Удивленный, я стоял, не в силах отвести глаз. В голове у меня вертелись две мысли: "кто разрешил выстроить такое здание" и "вот бы Недзуми это увидел"...
Это бы ему понравилось, я точно знал.
Как странно, что я вспомнил об этом сейчас - впрочем, ведь мы идем на Шекспира, кого еще я должен был вспомнить, как не его?..
Кажется, Араши заметил мой слегка удрученный вид, поэтому торопливо завел меня внутрь (холл казался еще величественнее, чем фасад), непрерывно обещая, что мне понравится и постановка, и актриса.
"С чего это он так помешан на этой Еве, ведь в пьесе, должно быть, задействовано немало других актеров", - подумалось мне вдруг.
Зал был уже почти полон, не смотря на то, что время еще оставалось.
Через минут пять шустрому Араши надоело сидеть в кресле без движения, и он предложил "сходить погулять". Сходить погулять в его представлении, видимо, включало в себя покупку брошюрок, посещение туалета и чтение настенных стендов.
Мы находились в самом дальнем конце холла, когда прозвенел звонок.
Переглянувшись, мы оба, не сговариваясь, молча рванули обратно, в зал. Мне казалось неприличным опаздывать, Араши же просто нравилась беготня.
***
Стоя за кулисами, я чувствовал, как муза театра и трагедии словно электризует меня, наполняя нетерпеливой уверенностью. Еще не мой выход, и я мысленно пытался представить себе строчки из своей роли, читая их как на бегущей строке.
Прозвенел звонок, и занавес открыт, но тут случилось непредвиденное.
Директор порешил нарушить ход повествования, потому что сразу после звонка он, а не актеры, задействованные в первом акте, поднялся на сцену, и зал изумленно затих.
- Дамы и господа! - провозгласил он. - Сегодня мы собрались...
Что он говорит?.. Пытаясь одновременно "похвалить" его в собственных мыслях за фразу "на этой грандиознейшей премьере" и "станет прорывом" и отчаянно в это же время ругаясь, я непроизвольно сделал шаг вперед, к полненькой низенькой фигуре на сцене, которая в этот самый момент прохрипела:
- А вот и наша дива, несравненная Ева, без участия и руководства которой этот день никогда бы не настал!
Замерев, я стою, будто громом пораженный. Это мерзко, но так вышло, что меня прекрасно видно с места, на котором стоит директор, и не выйти к нему, на сцену, видя, что зал взорвался аплодисментами, услышав своеобразное объявление этого незапланированного выхода, я не мог. Скрипя зубами от злости и сжав кулаки, я, одернув платье, делаю несколько шагов вперед, но зрители не увидят моих истинных чувств: когда на меня падает луч софитов, я - Ева, девушка с чудной улыбкой, которая, приветственно пожав руку руководителю театра, говорит "Спасибо!" в зал.

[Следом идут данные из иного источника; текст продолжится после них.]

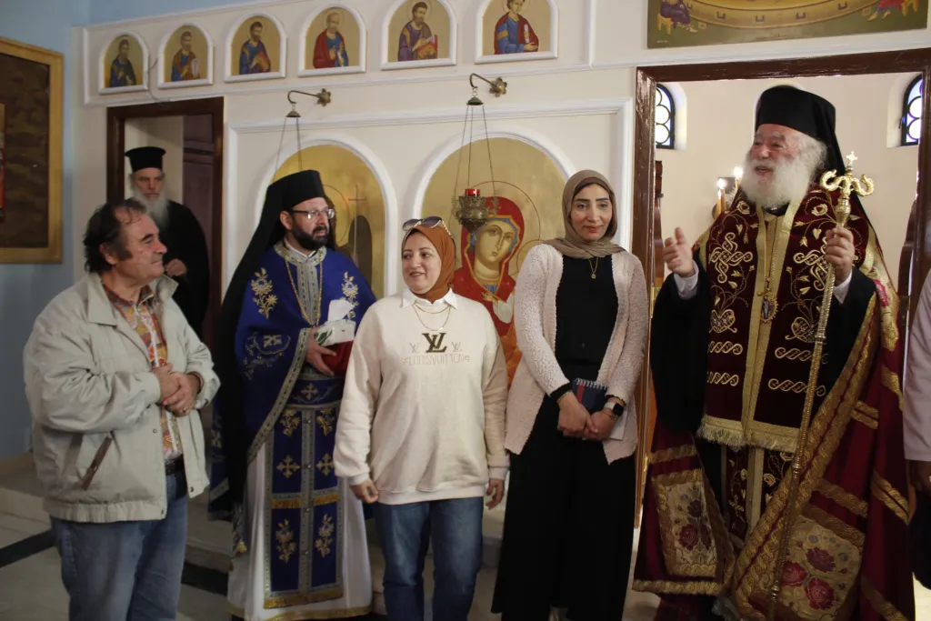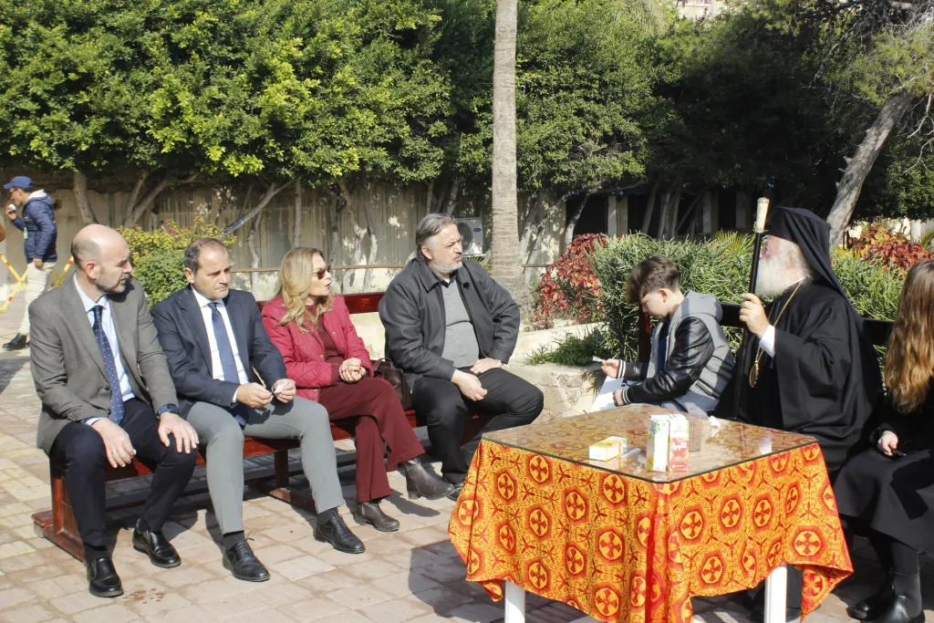 Μετά το πέρας της Θείας Λειτουργίας και την Περιφορά, τελέσθηκε Αγιασμός των Υδάτων και ακολούθησε κέρασμα από την Ελληνική Κοινότητα Αλεξανδρείας και τη σύζυγο του εορτάζοντος Γενικού Προξένου κα Κατερίνα Γιδαράκου, με εξαιρετική μηλόπιτα την οποία απόλαυσαν όλοι οι παριστάμενοι πιστοί της Παροικίας.

Как только аплодисменты чуть стихли, и некоторые сумасшедшие, поднявшиеся со своих мест, чтобы поприветствовать меня, вновь заняли свои места, директор легонько подтолкнул меня вперед.

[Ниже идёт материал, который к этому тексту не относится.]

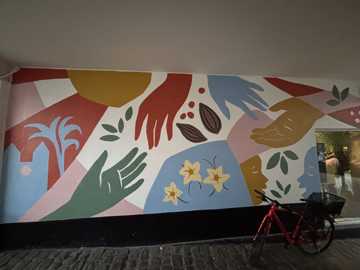 - udsmykning af væg ved Rafiki Chokolade i Viborg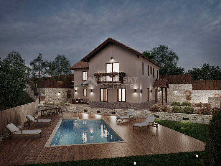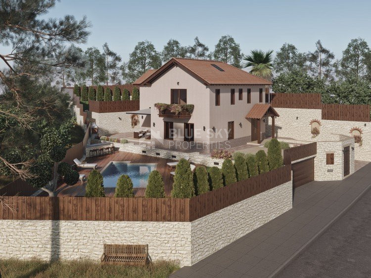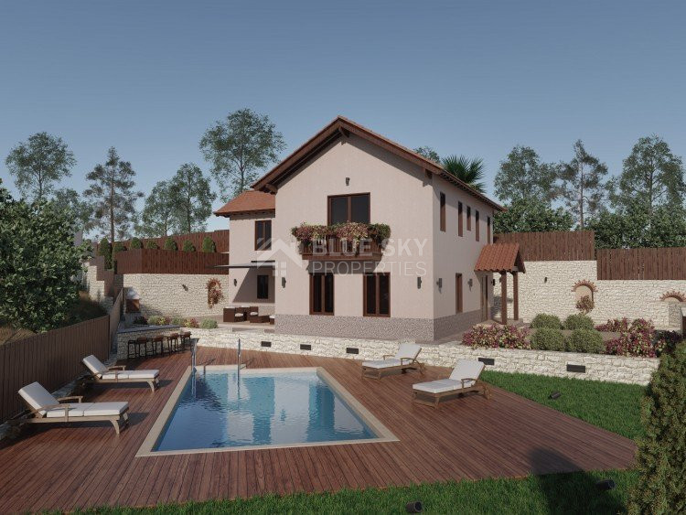 This Villa is located outside Ayios Georgios village which is only a 20 minutes drive to Limassol and only 15 minutes drive to the Heritage school.The Villa is ideal for someone that wants peace and quite and the beauty of Cypriot nature whilst being close to all the conveniences of the city.Built on a large plot size of 855sqm this property has a large landscape garden with a pool,private parking for up to four cars ( two in a garage and one covered ), has two separate basement mechanical rooms for the pool and central heating machinery as well as storage area, and the garden area is surrounded by a traditional style stone wall for more privacy the villa walls are 45cm thick ( including external thermal insulation system ) internal area of 220sqm plus 75sqm loft area.Three large bedrooms ( the master bedroom has en suite and walk in wardrobe , a small living area and private veranda), 2 bathrooms and one guest toilet, a drop down tunnel for the laundry from the first floor, a separate laundry room , a large open plan kitchen with large living/dinning area and fire place .The Vila has provisions for A/C, central heating system,central lighting system, security system and Internet.   The Villa is an energy efficient property It will be complete in 6  months!!

И только я открыл было рот, как вдруг главный вход, что ближе всех к сцене, тихо распахнулся, и в зал осторожно зашли двое мужчин: один - совсем еще мальчишка, а другой...

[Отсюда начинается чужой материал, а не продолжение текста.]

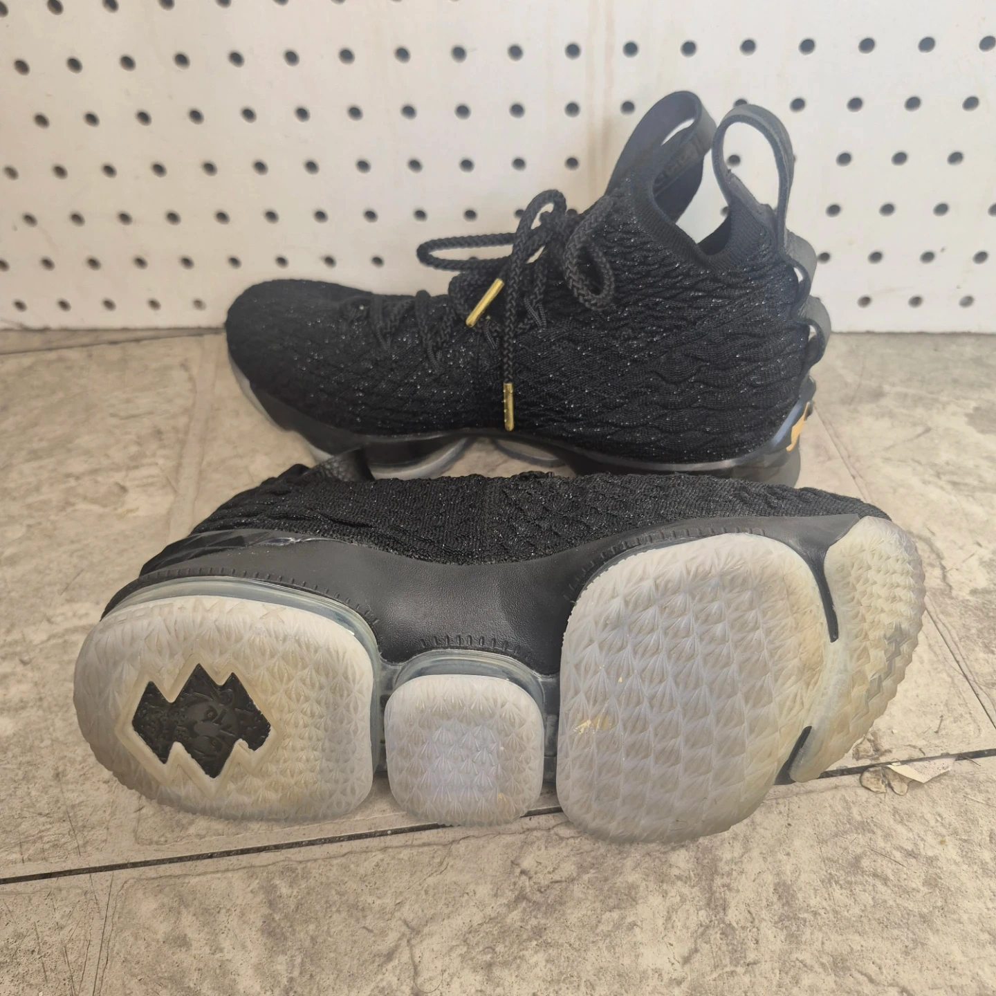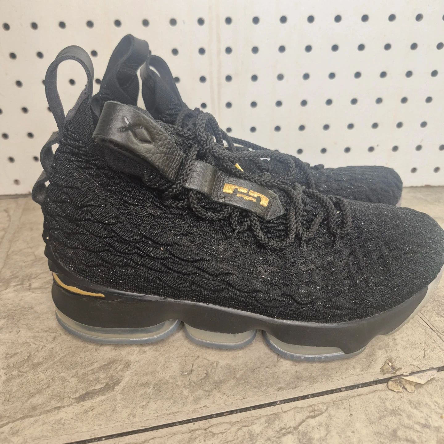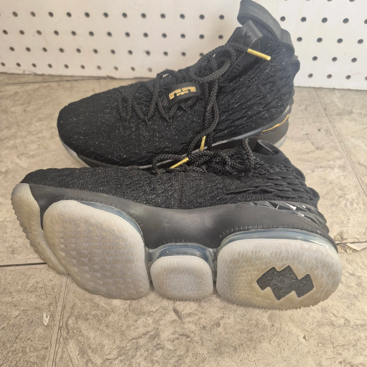 Nike LeBron 15 basketball shoes in black and gold. Knit upper with lace-up closure. Features a visible Air Max unit in the sole for cushioning. Great for the court!

Другой кинул взгляд на сцену, на меня, и в его глазах отразился мой нелепый, первобытный страх.
Это был Сион, человек, которого я мог только мечтать забыть.
4. В главной роли.
Успокойся, Сион, успокойся.
Это не может быть он. Это не он, невозможно. Тебе просто кажется, расслабься и дыши глуб...
- Сион, вы видите, на сцене - это Ева! - шумно зашептал мне на ухо Араши; когда он сказал "Ева", у меня будто остановилось сердце.
На сцене и вправду стоит Ева, и я, и, очевидно, Араши, видим ее: высокая стройная фигурка, воздушное голубое платье с длинными рукавами, распущенные темные волосы. Ее голос дрожит,это кажется мне слишком дешевым трюком; но зал принимает ее театральное волнение, и аплодисменты со всех сторон говорят, как сильна к ней любовь зрителя.
Ева прекрасна, но каждая деталь, взгляд, голос, движения губ - все это не ее, чужое, все это принадлежит Недзуми, моему Недзуми!..
Воровка, отдавай чужое!..
- Сион-сан, вы в порядке? - испуганно касается моего плеча сидящий рядом Араши, даже вид прекрасной Евы на сцене не смог заставить его забыть обо мне.
- Да, все в порядке, Араши, - шепчу я, как в полусне, не отрывая расширенного взгляда от фигурки на освещенной яркими лучами прожекторов сцене; но вот взгляд Евы, словно ищущий что-то в заполненном до отказа зале, остановился на мне, и из прекрасных глаз хлынули слезы.
Человечек рядом с ней, толстяк почтенного вида, увел бедняжку за кулисы под бурные овации зала. Люди вставали со своих мест, чтобы проводить свою диву. Так поступил и Араши, а я сидел истуканом и в голове у меня крутилась одна и та же картинка: взгляд, искаженное осознанием лицо и текущие по румяным щекам слезы.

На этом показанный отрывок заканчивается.